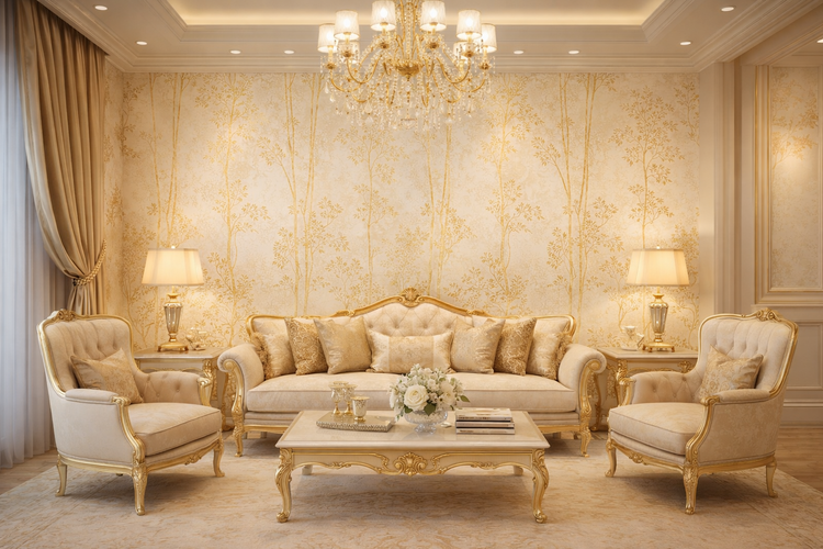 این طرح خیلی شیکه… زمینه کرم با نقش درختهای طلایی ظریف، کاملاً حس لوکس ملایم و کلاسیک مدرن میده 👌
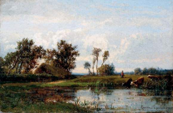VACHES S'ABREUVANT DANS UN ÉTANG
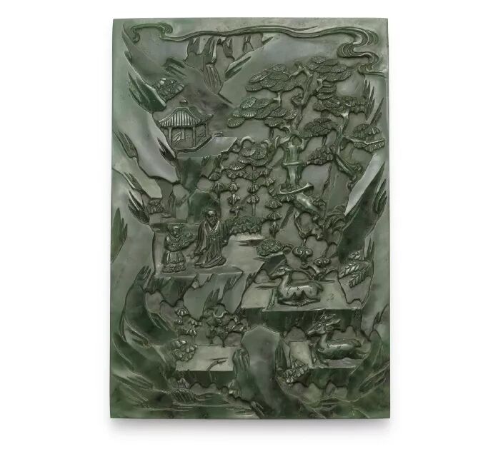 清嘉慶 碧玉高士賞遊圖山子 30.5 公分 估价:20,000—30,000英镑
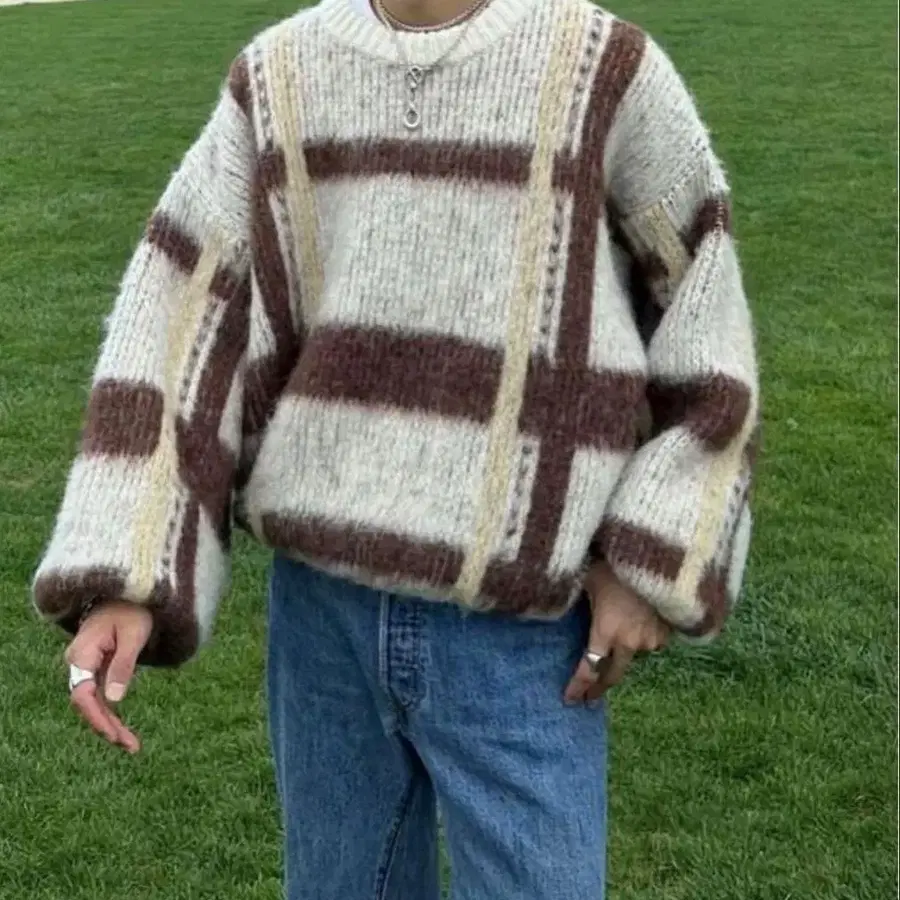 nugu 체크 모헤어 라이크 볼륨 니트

What is expected | The reply should repeat the data in full, exactly as given, and contain no pictures.

Solution for this problem |
 این طرح خیلی شیکه… زمینه کرم با نقش درختهای طلایی ظریف، کاملاً حس لوکس ملایم و کلاسیک مدرن میده 👌
VACHES S'ABREUVANT DANS UN ÉTANG
 清嘉慶 碧玉高士賞遊圖山子 30.5 公分 估价:20,000—30,000英镑
 nugu 체크 모헤어 라이크 볼륨 니트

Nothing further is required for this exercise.